─── DATASET EXTRACT ───

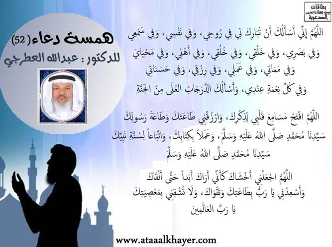 همسة دعاء(52) http://www.ataaalkhayer.com/up/download.php?img=9641 من:الأخ الدكتور / عبدالله بن مراد العطرجي عضو جمعية الكُتَّاب ببيت عطاء الخير |
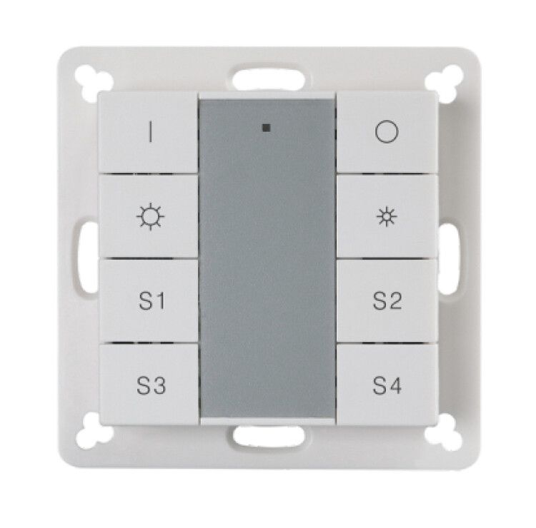 - Восьмикнопочная компоновка позволяет управлять четырьмя группами светильников с функциями включения/выключения и диммирования - оптимально для зонированного освещения
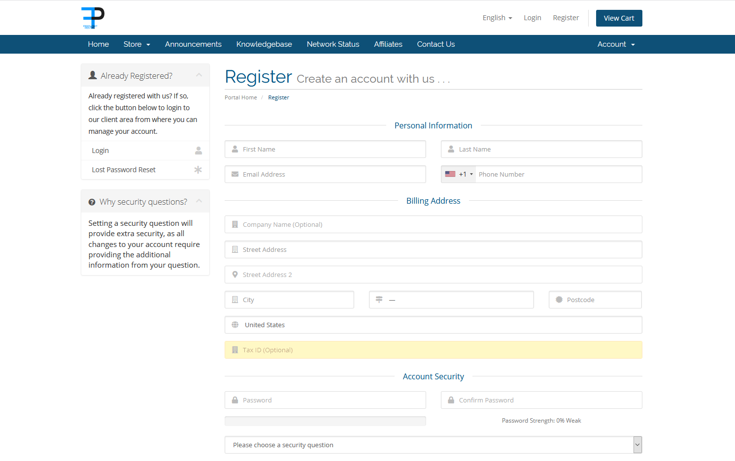 You will need to register on our Billing Portal at http://billing.freepacket.co/register.php
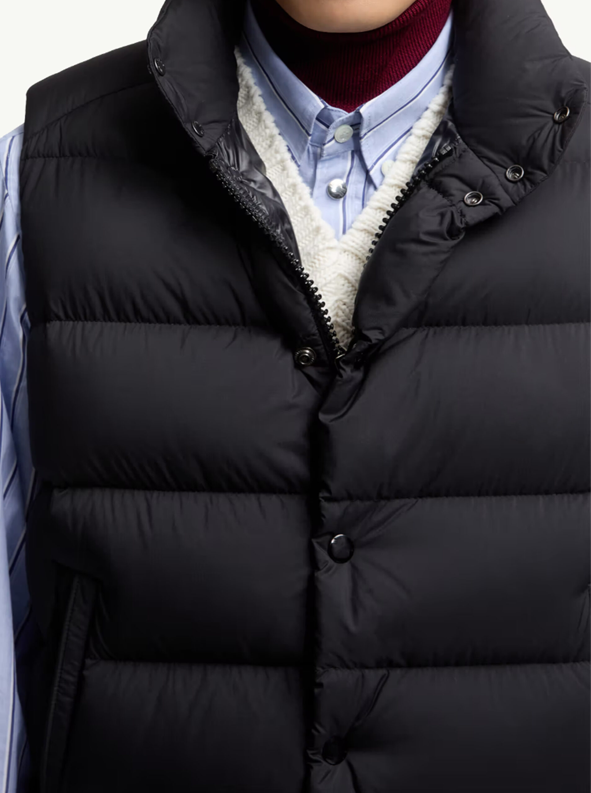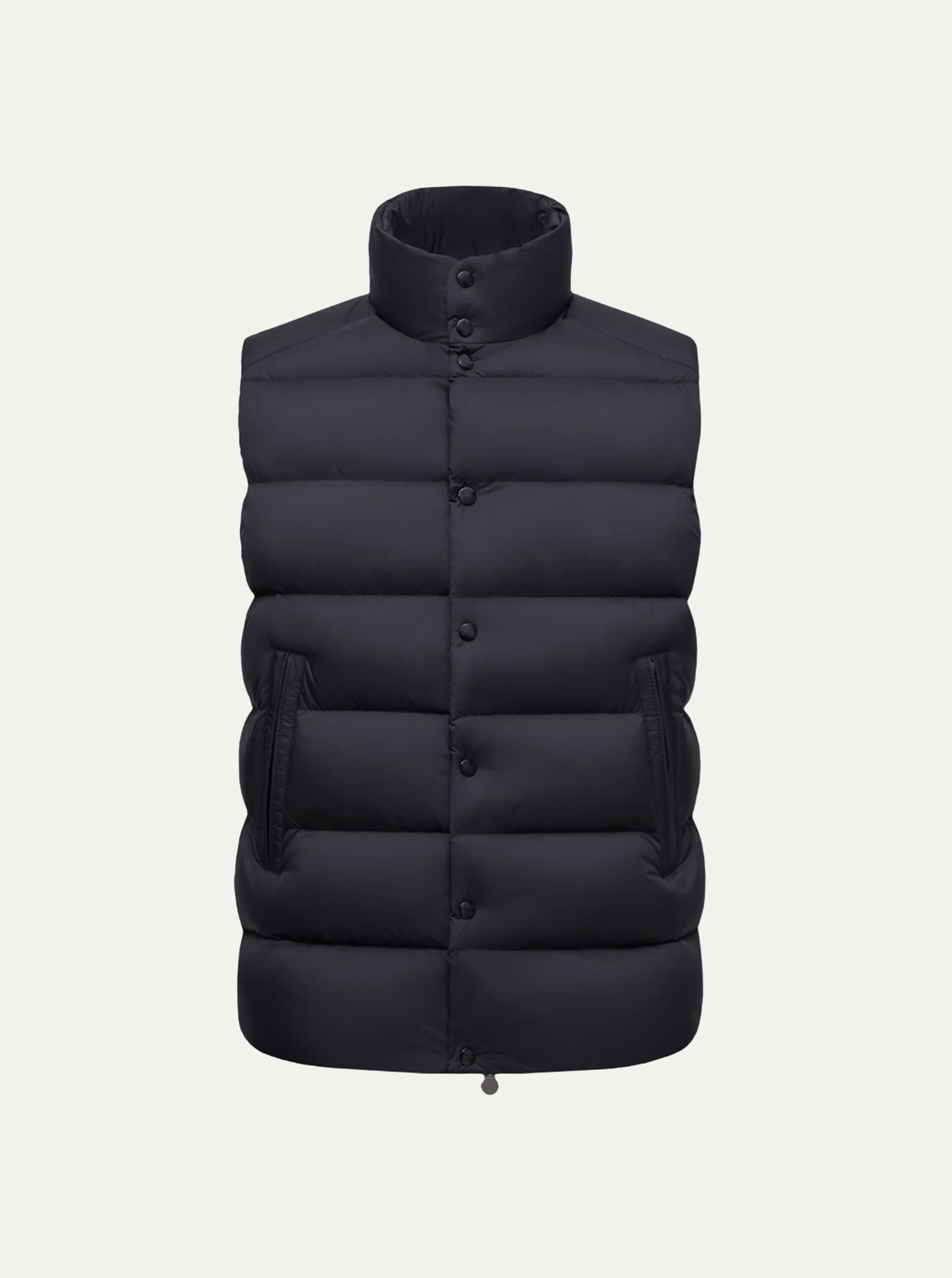 Elevate your cold-weather layering with this Stand-Collar Button-Front Puffer Vest, designed for lightweight warmth and clean structural lines.
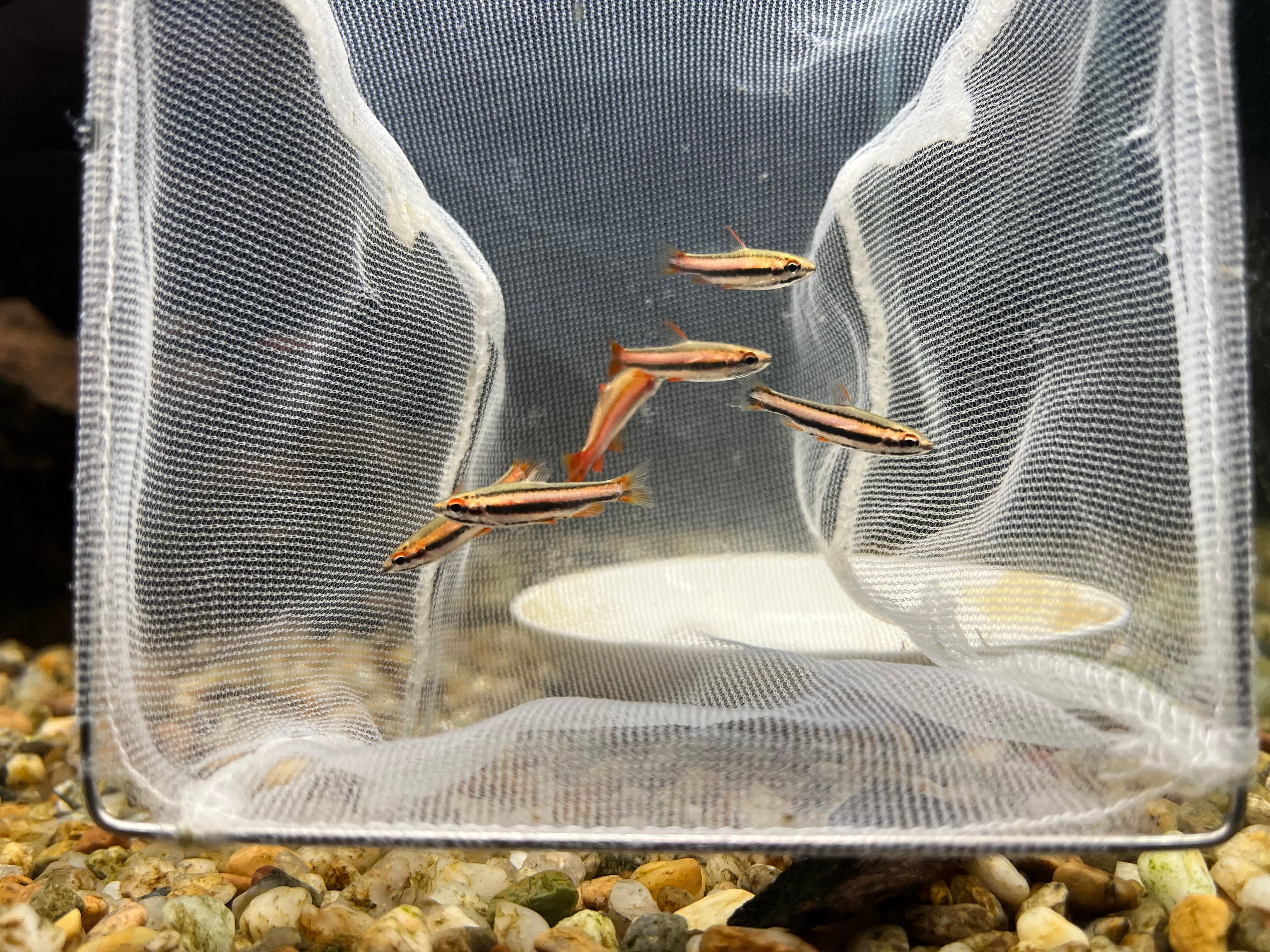 ペルー便で輸入されるペンシルフィッシュの一種で、アークレッドの名前の通り全身が濃い赤色に染まる美種です。まだ日本に紹介されて比較的日の浅い種類ですが、どちらかといえばそれまでは脇役的な位置付けだったペンシルフィッシュの地位を主役級まで持ち上げることに大きく貢献した種類です。オス同士はやや激しめにテリトリー争いをするため、複数飼育する場合は流木等の隠れ家をいくつか設置するといいです。
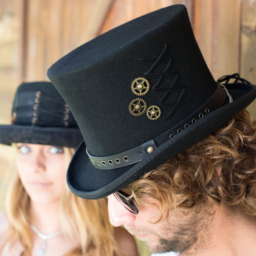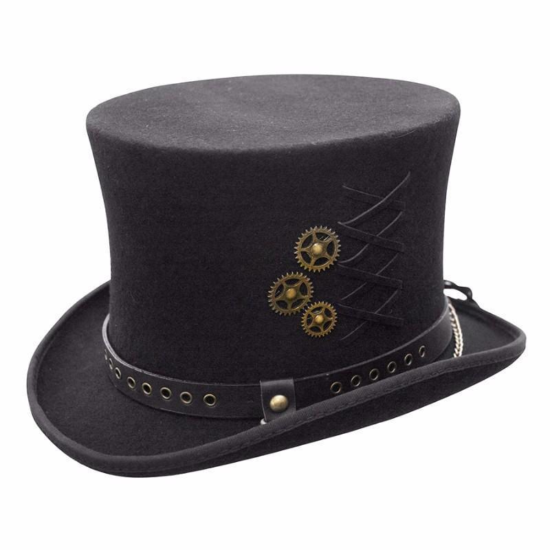 This sophisticated Steampunk Wool Top Hat is expertly crafted from luxurious Australian wool and features stylish gears for an iconic steampunk look. It's lined with soft satin for a comfortable feel and offers unique, eye-catching style.

───

GOAL OF THE EXERCISE: Provide the listing above once more, exactly, with the pictures removed.

RESULT OF THE EXERCISE:
 همسة دعاء(52) http://www.ataaalkhayer.com/up/download.php?img=9641 من:الأخ الدكتور / عبدالله بن مراد العطرجي عضو جمعية الكُتَّاب ببيت عطاء الخير |
 - Восьмикнопочная компоновка позволяет управлять четырьмя группами светильников с функциями включения/выключения и диммирования - оптимально для зонированного освещения
 You will need to register on our Billing Portal at http://billing.freepacket.co/register.php
 Elevate your cold-weather layering with this Stand-Collar Button-Front Puffer Vest, designed for lightweight warmth and clean structural lines.
 ペルー便で輸入されるペンシルフィッシュの一種で、アークレッドの名前の通り全身が濃い赤色に染まる美種です。まだ日本に紹介されて比較的日の浅い種類ですが、どちらかといえばそれまでは脇役的な位置付けだったペンシルフィッシュの地位を主役級まで持ち上げることに大きく貢献した種類です。オス同士はやや激しめにテリトリー争いをするため、複数飼育する場合は流木等の隠れ家をいくつか設置するといいです。
 This sophisticated Steampunk Wool Top Hat is expertly crafted from luxurious Australian wool and features stylish gears for an iconic steampunk look. It's lined with soft satin for a comfortable feel and offers unique, eye-catching style.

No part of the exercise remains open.